Slow-hand Lowe taps the brakes on the interest rate hikes

10/04/2022

In the 690 words used by Reserve Bank governor Philip Lowe to explain the institution’s decision to increase official interest rates by a quarter percentage point, only one is important.

The word – substantially – signals the bank, after lifting interest rates at their fastest rate since the Spice Girls formed in 1994, is starting to become a little wary about how the country deals with the combined impact of inflated mortgage repayments and global economic turmoil.

RBA governor Philip Lowe added one very important word to his usual statement explaining a smaller-than-expected interest rate increase.Credit:Alex Ellinghausen

The RBA hiked the cash rate half a percentage point at its past four meetings. Financial markets and most economists believed the trend would continue into October.

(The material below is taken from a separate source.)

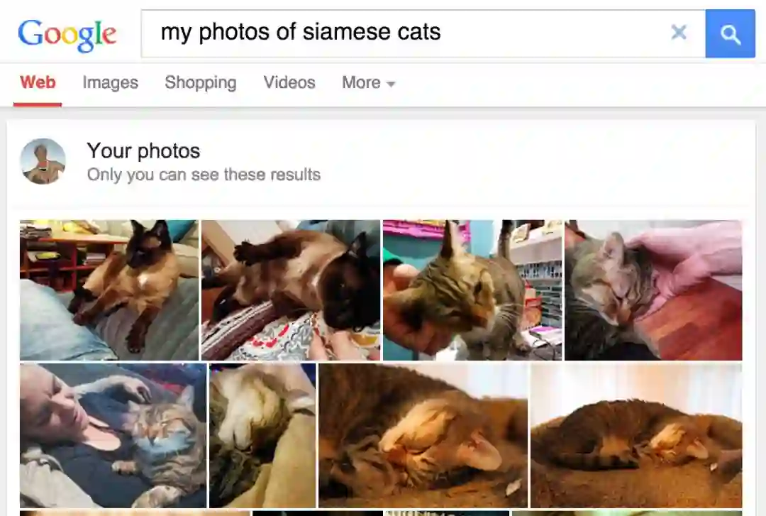 在2013年5月,谷歌发布了对个人照片进行搜索的功能,用户能够根据照片中的对象在自己的相册中检索相应的照片。

Lowe’s statement explaining its quarter percentage point hike on Tuesday was, to all intents and purposes, a copy of the statements he released following the August and September meetings. Except for that one word.

“The cash rate has been increased substantially in a short period of time,” he wrote.

“Reflecting this, the board decided to increase the cash rate by 25 basis points this month as it assesses the outlook for inflation and economic growth in Australia.”

In non-central bank talk, Lowe told borrowers (and savers) that the bank knows it’s whacked the country with a lot of interest rates, that there are more rate rises to come but it’s time to take the economy’s temperature.

The past four weeks have been a stormy one for the global economy, stretching from the Federal Reserve’s seeming intent to drive the United States into recession to the political and fiscal disaster that was the Truss government’s novel approach to budget management.

But these barely got a look-in with the Reserve.

Outside the word “substantially”, there were few differences between what Lowe was saying in September and what he said on Tuesday.

The bank’s job is to hold inflation between 2 and 3 per cent. But Lowe retained a line that had been both in his August and September statements – that inflation is expected to be “7.75 per cent over 2022, a little above 4 per cent over 2023 and around 3 per cent over 2024”.

So there’s no change in the inflation outlook to justify a slowdown in interest rate increases.

In September, Lowe noted that the outlook for global economic growth had “deteriorated”, rattling off some of the threats including higher interest rates in other countries, the war in Ukraine and the COVID pressures hitting China.

A month later, he again referenced the global outlook as a risk. But one of the largest shocks to the outlook, Britain’s unfunded energy subsidy and (now abandoned) tax cut for high-income earners, didn’t even rate a mention.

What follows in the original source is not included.